**Problem to solve**. Within the material below, transcribe exactly the lines from the one holding "仕事にも趣味にも IT を駆使するフリーランスエンジニア。技術的な" through the one holding "- Dodatkowe Otwory: Otwory", keeping both ends and skipping the rest.

**Source material**.
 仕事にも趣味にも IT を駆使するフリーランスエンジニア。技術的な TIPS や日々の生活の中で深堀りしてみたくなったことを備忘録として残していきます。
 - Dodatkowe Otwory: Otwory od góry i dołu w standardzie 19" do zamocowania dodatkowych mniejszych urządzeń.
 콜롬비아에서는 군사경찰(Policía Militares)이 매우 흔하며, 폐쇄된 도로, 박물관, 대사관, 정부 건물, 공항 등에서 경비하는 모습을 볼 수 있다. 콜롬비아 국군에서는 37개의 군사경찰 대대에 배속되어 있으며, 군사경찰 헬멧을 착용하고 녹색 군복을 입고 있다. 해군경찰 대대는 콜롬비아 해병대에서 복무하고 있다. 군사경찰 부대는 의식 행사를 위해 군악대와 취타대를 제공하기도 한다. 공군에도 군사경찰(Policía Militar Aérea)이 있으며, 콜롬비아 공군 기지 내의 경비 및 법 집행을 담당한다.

--

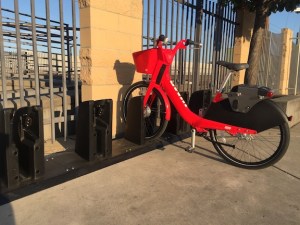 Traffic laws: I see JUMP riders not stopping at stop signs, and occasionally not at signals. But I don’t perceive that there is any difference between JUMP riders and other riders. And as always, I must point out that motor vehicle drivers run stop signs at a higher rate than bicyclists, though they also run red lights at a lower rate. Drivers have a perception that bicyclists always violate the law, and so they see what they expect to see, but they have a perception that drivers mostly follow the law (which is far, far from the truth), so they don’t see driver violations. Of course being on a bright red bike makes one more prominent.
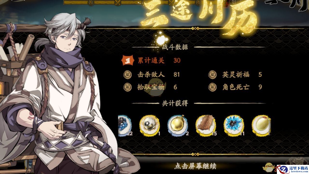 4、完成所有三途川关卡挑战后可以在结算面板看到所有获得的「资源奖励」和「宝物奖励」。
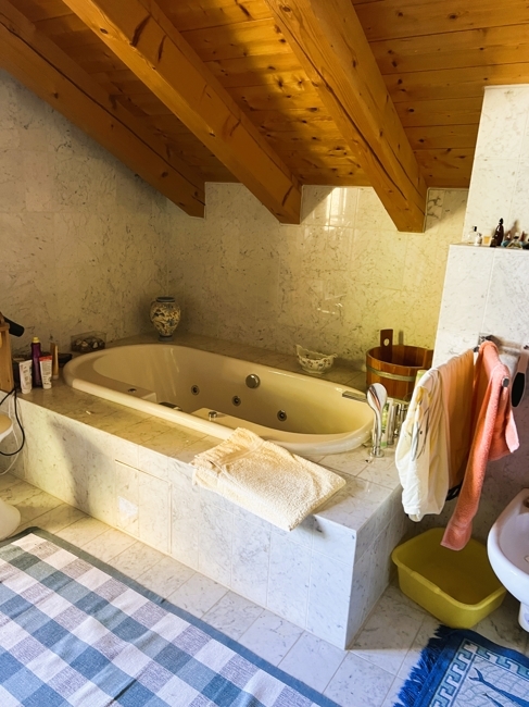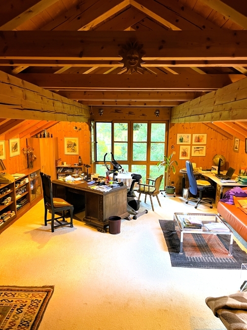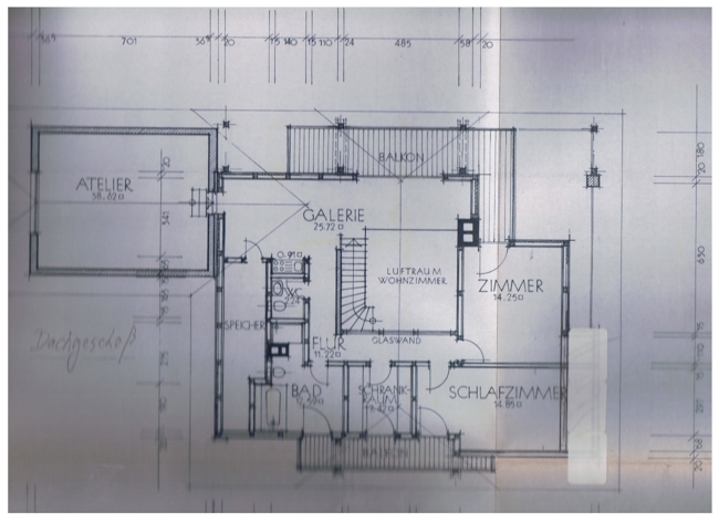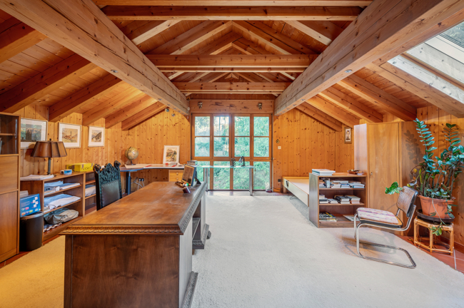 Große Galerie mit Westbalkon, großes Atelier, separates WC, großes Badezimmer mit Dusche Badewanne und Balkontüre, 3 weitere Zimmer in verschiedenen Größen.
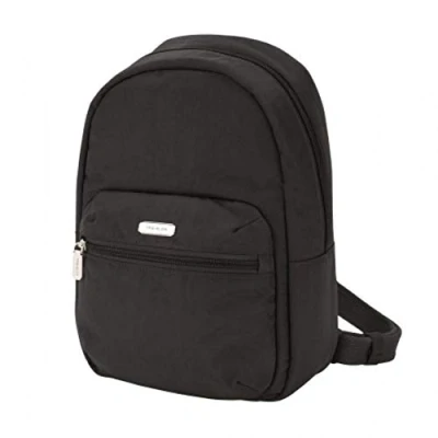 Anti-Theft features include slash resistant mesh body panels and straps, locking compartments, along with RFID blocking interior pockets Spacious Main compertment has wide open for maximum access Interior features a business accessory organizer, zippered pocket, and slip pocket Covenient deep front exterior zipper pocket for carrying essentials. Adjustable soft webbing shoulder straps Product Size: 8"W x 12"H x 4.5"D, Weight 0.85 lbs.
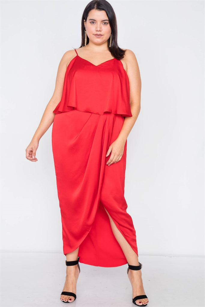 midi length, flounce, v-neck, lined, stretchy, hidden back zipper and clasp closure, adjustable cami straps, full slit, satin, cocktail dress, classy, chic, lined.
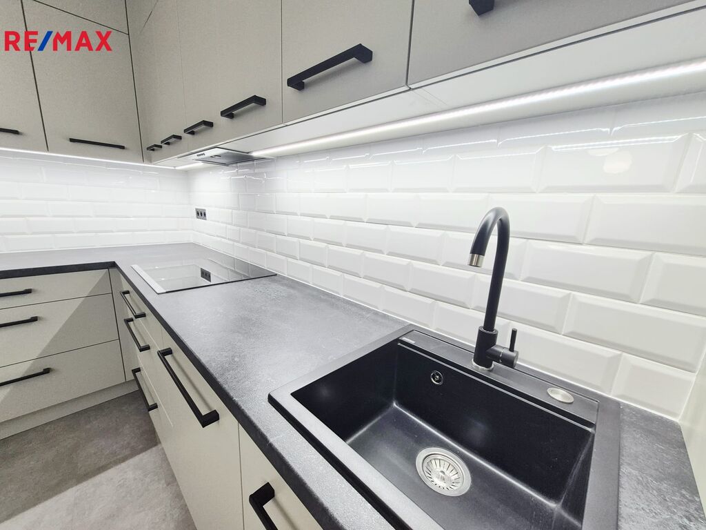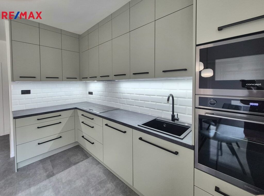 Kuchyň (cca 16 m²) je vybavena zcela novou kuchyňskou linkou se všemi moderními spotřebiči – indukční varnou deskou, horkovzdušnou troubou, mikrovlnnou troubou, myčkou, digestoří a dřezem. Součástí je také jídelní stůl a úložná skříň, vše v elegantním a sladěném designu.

**Answer to the exercise**.
 仕事にも趣味にも IT を駆使するフリーランスエンジニア。技術的な TIPS や日々の生活の中で深堀りしてみたくなったことを備忘録として残していきます。
 - Dodatkowe Otwory: Otwory od góry i dołu w standardzie 19" do zamocowania dodatkowych mniejszych urządzeń.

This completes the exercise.